On the Variability Features of Active Galactic Nuclei in Little Red Dots

TL;DR

This study investigates the variability of high-redshift Little Red Dots (LRDs) using the CHAR model, finding that their observed lack of variability could imply they are either faint or intrinsically luminous AGNs, with implications for early universe black hole activity.

Contribution

It applies the CHAR model to LRD variability analysis, providing observational criteria to distinguish their nature and suggesting their variability properties differ from low-redshift quasars.

Findings

Observed variability in LRDs is dominated by measurement uncertainties.

Lack of variability can be explained if AGNs contribute less than 30% of luminosity or are intrinsically luminous.
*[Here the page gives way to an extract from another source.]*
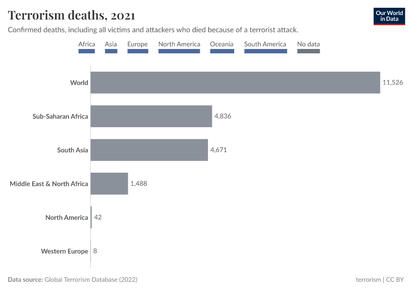 Bastian Herre, Veronika Samborska, Hannah Ritchie, and Max Roser (2023) - “Terrorism” Published online at OurWorldinData.org. Retrieved from: 'https://data-world-bank-pip.owid.pages.dev/terrorism' [Online Resource]BibTeX citation

Future observations require about 200 LRDs with specific temporal and photometric precision.

Abstract

The high-redshift ($z>4$) compact sources with ``V-shaped" spectral energy distributions (SEDs), known as Little Red Dots (LRDs), are discovered by the James Webb Space Telescope and provide valuable clues to the physics of active galactic nuclei (AGNs) in the early universe. The nature of LRDs is controversial. Recently, several studies have investigated LRDs through variability, a characteristic feature of AGNs. These studies explore LRD variability by extrapolating empirical relationships from local quasars. Here, we adopt the Corona-heated Accretion-disk Reprocessing (CHAR) model, which is motivated by accretion physics and applicable to reproduce AGN conventional variability, to study the variability of $22$ LRDs in \citet{Tee2025}. Our results indicate that the observed variability in LRDs is dominated by measurement uncertainties. Within the CHAR model, the lack of variability in LRDs can be explained by two scenarios: either AGNs contribute $\lesssim30\%$ of the observed luminosities, or they are intrinsically luminous AGNs. We use simulations to demonstrate the observational requirements to effectively investigate LRDs via variability: first, a sample of about $200$ LRDs; second, each LRD has two observations separated by at least two years in the observed frame; third, the photometric uncertainty is $\leq 0.07$ mag. If the LRDs still lack variability under these conditions, the time-domain study would provide independent evidence that the accretion mode of LRDs differs significantly from low-redshift quasars.